:: Problem details ::
Beginning with the line of the entries below that holds "das hier wurde" and ending with the line that holds "САМОСТОЯТЕЛЬНАЯ ДЕЯТЕЛЬНОСТЬ ДЕТЕЙ", transcribe each line exactly as written. Pictures stay out.

:: Dataset entries ::
:::::
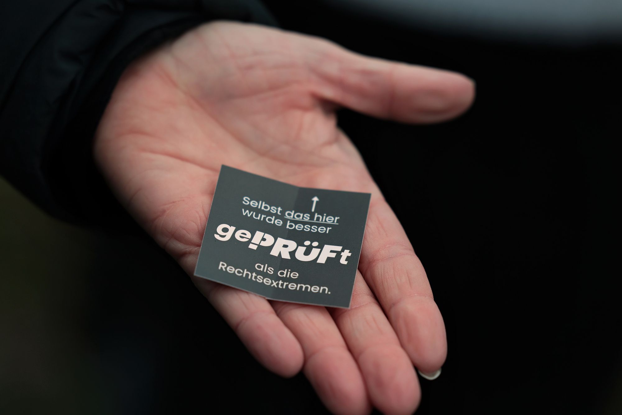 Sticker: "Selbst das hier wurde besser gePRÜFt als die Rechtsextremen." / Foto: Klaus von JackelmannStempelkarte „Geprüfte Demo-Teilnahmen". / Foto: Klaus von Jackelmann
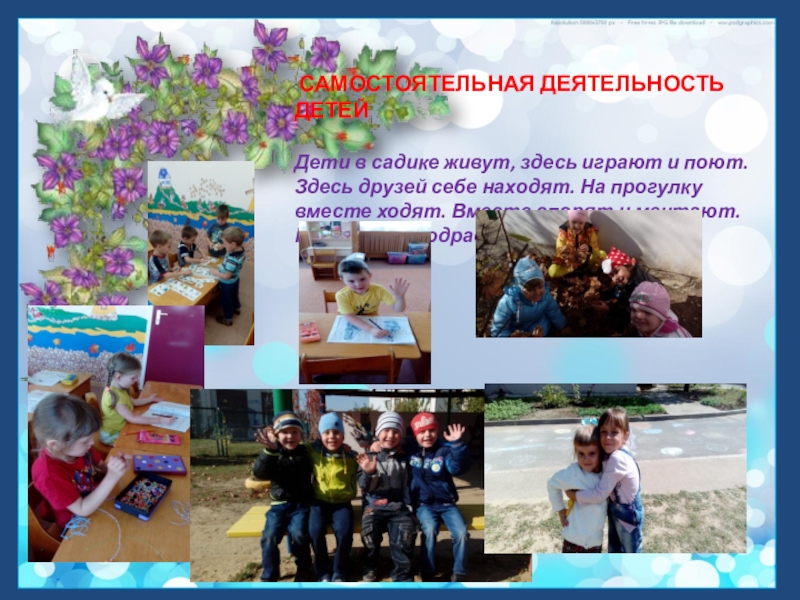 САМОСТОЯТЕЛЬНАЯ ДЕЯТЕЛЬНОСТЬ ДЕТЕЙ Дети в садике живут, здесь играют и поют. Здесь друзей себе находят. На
:::::
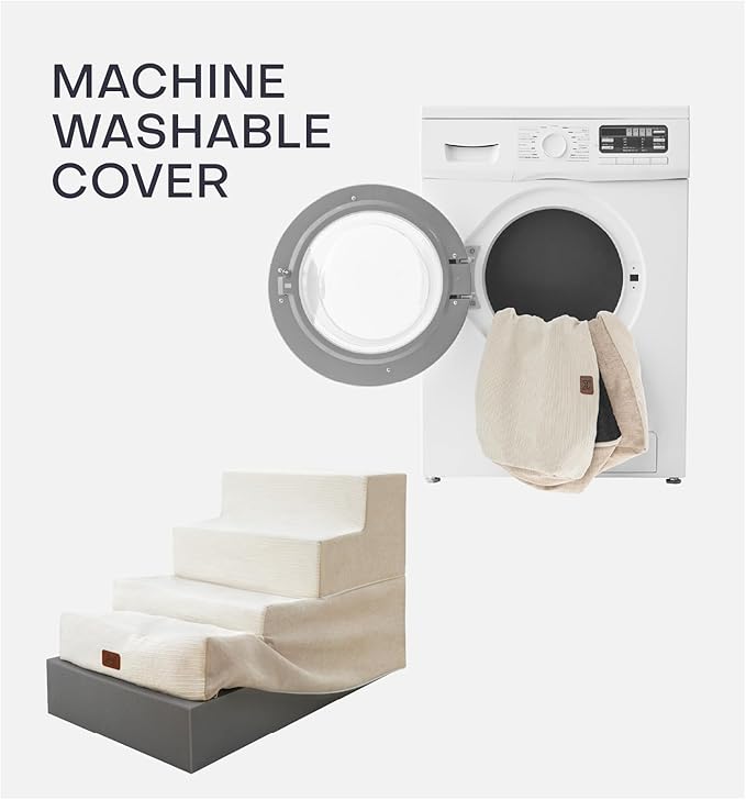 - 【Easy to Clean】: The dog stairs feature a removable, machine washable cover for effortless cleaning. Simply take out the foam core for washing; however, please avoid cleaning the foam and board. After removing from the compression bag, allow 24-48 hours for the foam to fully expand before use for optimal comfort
:::::
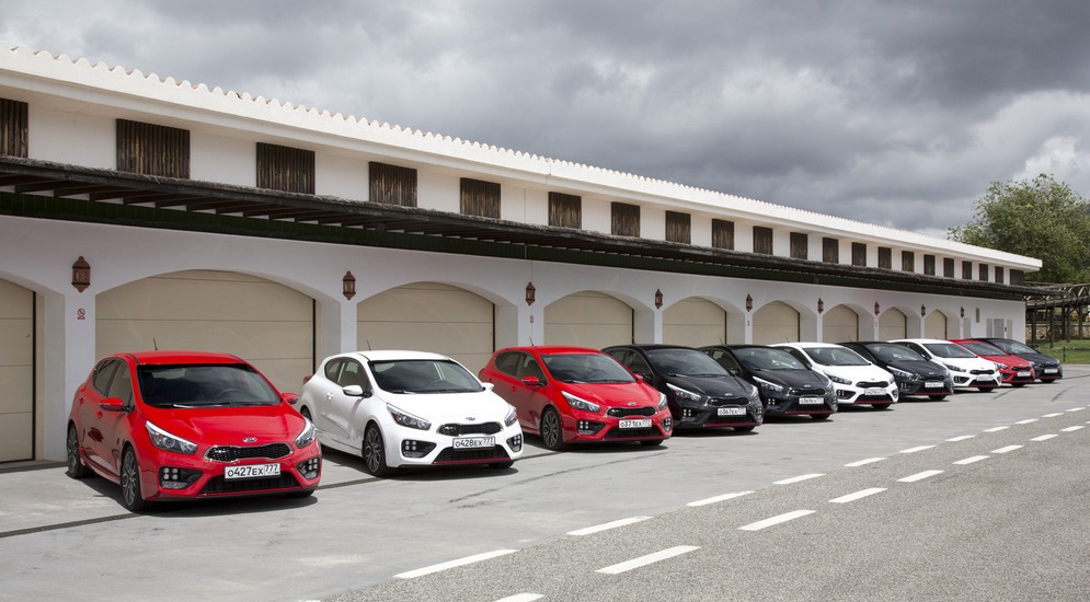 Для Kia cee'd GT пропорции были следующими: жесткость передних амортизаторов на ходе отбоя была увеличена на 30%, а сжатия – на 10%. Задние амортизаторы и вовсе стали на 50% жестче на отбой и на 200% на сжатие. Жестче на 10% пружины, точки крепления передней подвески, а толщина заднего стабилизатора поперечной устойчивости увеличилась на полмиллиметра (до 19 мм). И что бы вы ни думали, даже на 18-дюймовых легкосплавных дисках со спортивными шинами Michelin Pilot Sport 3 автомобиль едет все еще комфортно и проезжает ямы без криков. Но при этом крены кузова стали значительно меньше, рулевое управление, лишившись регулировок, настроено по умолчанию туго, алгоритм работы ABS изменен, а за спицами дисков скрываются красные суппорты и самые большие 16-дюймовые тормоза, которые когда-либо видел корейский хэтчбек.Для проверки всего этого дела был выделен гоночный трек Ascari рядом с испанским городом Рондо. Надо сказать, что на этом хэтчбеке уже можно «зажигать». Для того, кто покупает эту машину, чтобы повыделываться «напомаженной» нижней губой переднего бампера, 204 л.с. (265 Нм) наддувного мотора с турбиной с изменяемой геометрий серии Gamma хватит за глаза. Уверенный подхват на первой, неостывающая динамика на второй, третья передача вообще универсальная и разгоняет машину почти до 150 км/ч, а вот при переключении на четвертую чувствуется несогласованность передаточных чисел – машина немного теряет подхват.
:::::
:: Task output ::
 Sticker: "Selbst das hier wurde besser gePRÜFt als die Rechtsextremen." / Foto: Klaus von JackelmannStempelkarte „Geprüfte Demo-Teilnahmen". / Foto: Klaus von Jackelmann
 САМОСТОЯТЕЛЬНАЯ ДЕЯТЕЛЬНОСТЬ ДЕТЕЙ Дети в садике живут, здесь играют и поют. Здесь друзей себе находят. На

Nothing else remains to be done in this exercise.